Yves fue el primero de muchos en caer bajo la ira explosiva de Éric quien, no viéndolo del todo muerto, fue a buscar un gran martillo y le aplastó la cabeza.

Con su pétrea mirada verde, el adolescente siguió camino hacia la sala donde estaba su medio hermano Jean Yves (11) mirando televisión. Tiró a quemarropa. Bang.

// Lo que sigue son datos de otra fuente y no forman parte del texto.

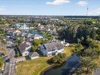 Bright & cheerful 3BR/2BA condo with lake views! Cathedral, textured ceilings! Private, tiled, screened porch. Courtyard views from master suite. Eat-in kitchen plus dining room. Walk-in closets. Impact windows! AC 2019. Re-pipe 2024. Roof 2018. Neutral Berber carpeting or tiled throughout. Furniture included, many IKEA! Community amenities include: heated pool, fitness center, tennis/pickleball courts, racquetball, more! Convenient to golf, restaurants & shopping; less than 8 miles to the beach!
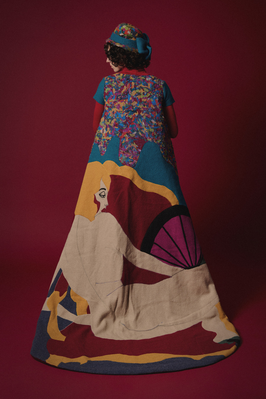 What makes Enkhbat’s collection extraordinarily captivating is her commitment to sustainability — a principle she integrates into every stitch and seam of her designs. “My collection is 100% sustainable, with no waste,” she states with pride. By leveraging Woolmark-certified materials for her intricate patchwork designs and repurposing every scrap of fabric and thread into her second looks, she infuses life into the very essence of upcycling.
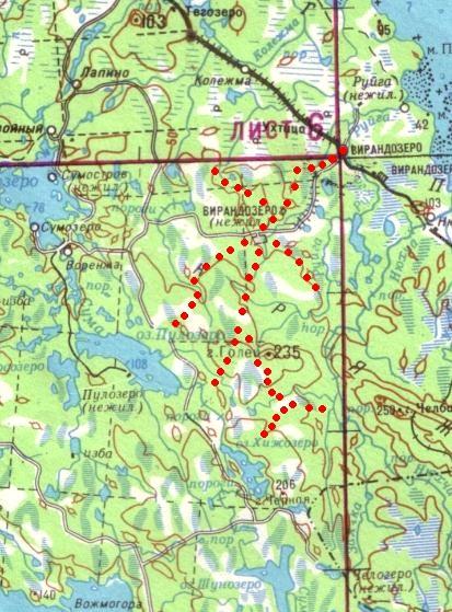 Вирандозерская узкоколейная железная дорога. Начальный пункт — посёлок Вирандозеро, расположенный вблизи станции Вирандозеро на железнодорожной линии Обозерская — Беломорск.
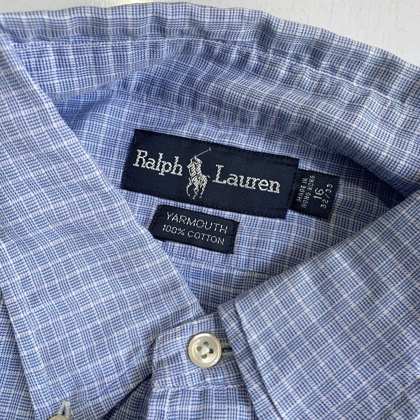 珍しいチェックパターン 爽やかな配色が◎ •SIZE 16 32/33 肩幅 50cm 袖丈 58cm 身幅 69cm 着丈 85.5cm 175cm着用 •MATERIAL COTTON 100% •COLOR ブルー系 •CONDITION 右袖ボタン欠損 ya5024
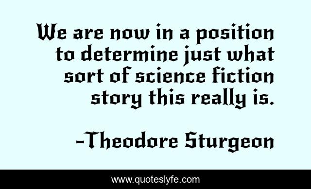 This page presents the quote "We are now in a position to determine just what sort of science fiction story this really is.". Author of this quote is Theodore Sturgeon. .
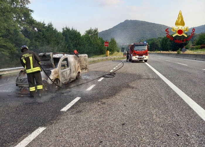 BROVELLO C. - 28-06-2023 -- L’autista s’è accorto che qualcosa non andava, ha accostato e, insieme al passeggero, è sceso dell’abitacolo guardando il mezzo che andava in fiamme. Non ci sono feriti nell’incendio che s’è verificato alle 20 di oggi sull’A26, in direzione nord. In un tratto dell’Autolaghi a ridosso dello svincolo di Brovello Carpugnino, un furgone è stato completamente distrutto. A domare l’incendio sono stati i vigili del fuoco del comando provinciale di Verbania, coadiuvati dai colleghi di Arona. Sul posto anche la Polstrada.
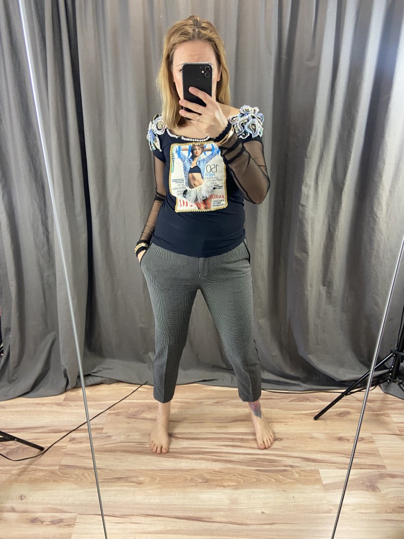 Artystyczna tunika hand made. Na bazowej koszulce, przyszyte koraliki, i inne ozdoby, ręcznie wykonane kwiatki na ramionach. Dzieło jakiejś szalonej artystki.
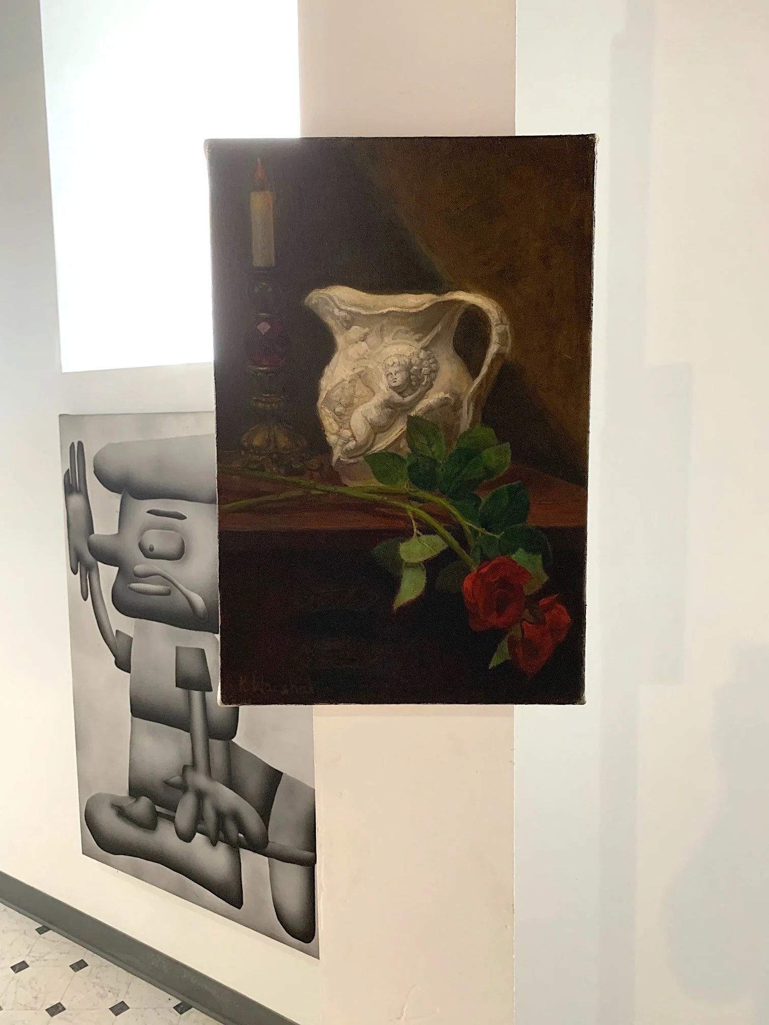 The artists featured in this exhibition vary considerably in terms of background, approach, and aesthetic. Traditional, academically conscious genre subjects such as portraiture, landscape, and still life are subverted through their proximity to paintings and sculpture that explore humor, absurdity, and the uncanny through a myriad of different styles, subjects, and materials.
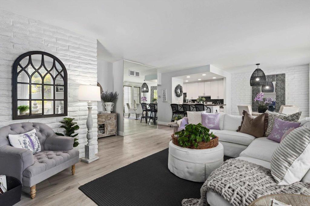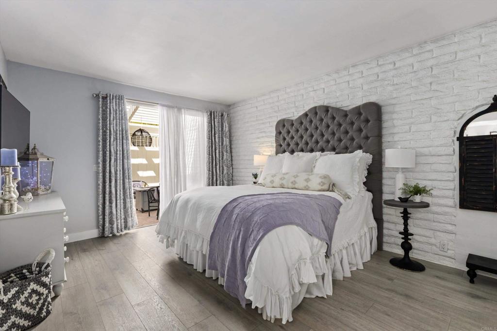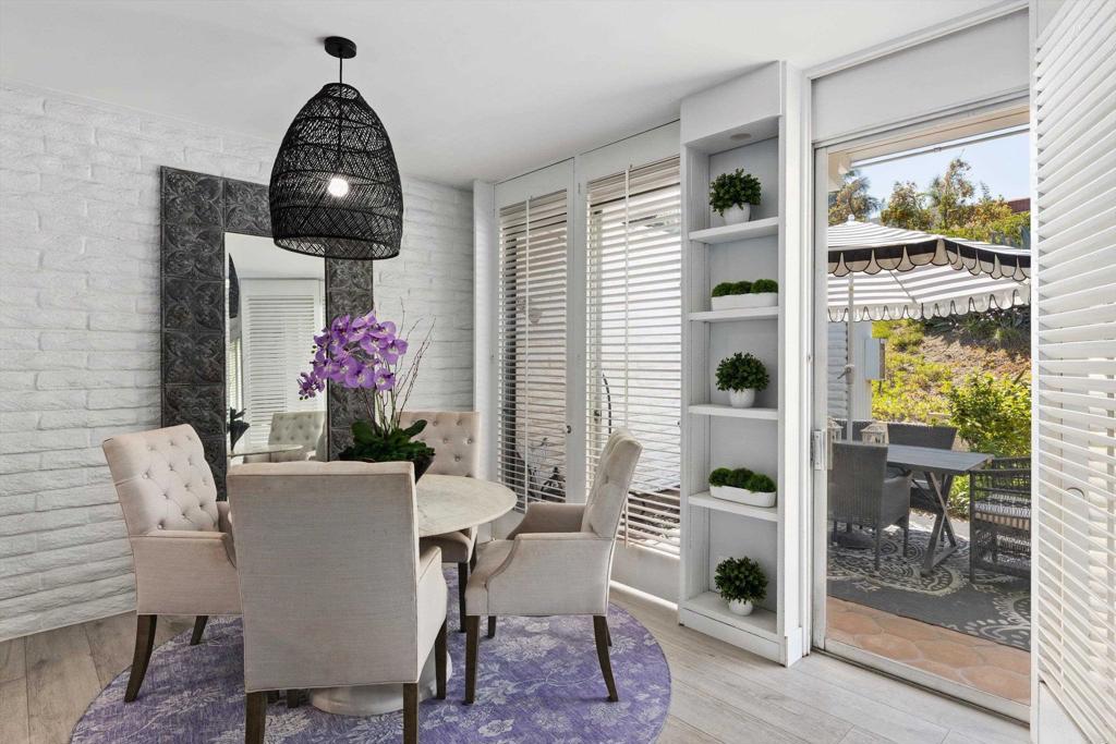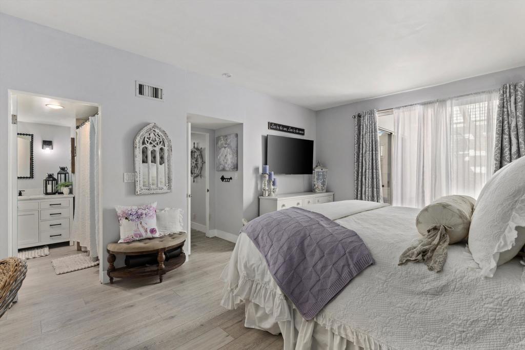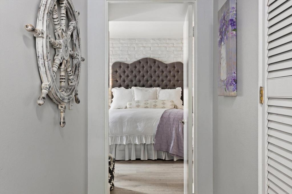 In the highly desirable La Costa-Encinitas corridor, single-story condos with this level of character are rarely available. This charming garden-style residence sits in a peaceful four-unit building within the La Costa Villas community. Originally built in the late 60's as part of the La Costa Resort & Spa, these villas were designed as "homestyle" accomodations for families that wanted to spend their entire summers at the resort. Over the decades, the world renowned & and newly revitalized 36-hole La Costa golf course has drawn iconic visitors including Jackie Kennedy & Frank Sinatra. This community still reflects that serene, resort-era ambiance: lush, expansive greenbelts weave between the villas, inviting you to wander beneath mature palms and a variety of fruit trees. This home itself showcases the Spanish-influenced mid-century modern architecture of its era, such as oversized front door and interior white brick that adds texture & visual interest to any decor. Five tall louver-covered sliding doors flood the interior with natural light. Two patios enhance the home- one located just outside the dining area with direct access to the community pool, and the other a semi-interior courtyard nestled privately between the two bedrooms with its own exterior entrance. Wide plank light oak toned floors run throughout the home, enhancing the airy feel of every space. The spacious primary bedroom features a striking brick accent wall- an ideal backdrop for a dramatic headboard. The secondary bedroom enjoys its own small "hallway" with bath, creating a sense of separation & comfort for guests. The location is truly IDEAL at the border of Encinitas and Carlsbad. Head down La Costa Blvd for a sunset cocktail overlooking the Pacific at clifftop Alila Marea Beach resort, or spend an afternoon exploring the shops & restaurants of the Forum, an upscale open-air mall. Catch the waves of Moonlight Beach then wander the artsy cafes & boutiques of coastal Encinitas along PCH. Don't miss the chance to experience Encinitas and La Costa in this peaceful, iconic community and to call Estrella De Mar... "home"

Luego, por las dudas, usó un bate de béisbol para darle en el cráneo.

¡Bum!

El golpe sonó seco y definitivo.

Limpió las huellas de sangre a conciencia y se sentó a esperar a que su madre llegara de misa. No estaba conmovido por lo que había hecho, solo expectante y con su deseo de muerte amartillado. La furia lo mantenía en alerta.

Marie Jeanne (36) llegó alrededor de las 20.30. Apenas entró a su casa, su hijo fue letal: un solo disparo al medio de la cabeza.

Bang.

No tuvo necesidad de usar ni el bate ni el martillo. Volvió a limpiar con manía. Cubrió los cuerpos con sábanas blancas y cerró todas las persianas y puertas. En una mochila empacó comida, dinero, un impermeable, un mapa de Limoges, unos anzuelos de pesca, una daga, una pistola y varias cajas de municiones. Se subió al auto con el rifle sobre la falda y se dirigió hacia el pueblo de Cuers.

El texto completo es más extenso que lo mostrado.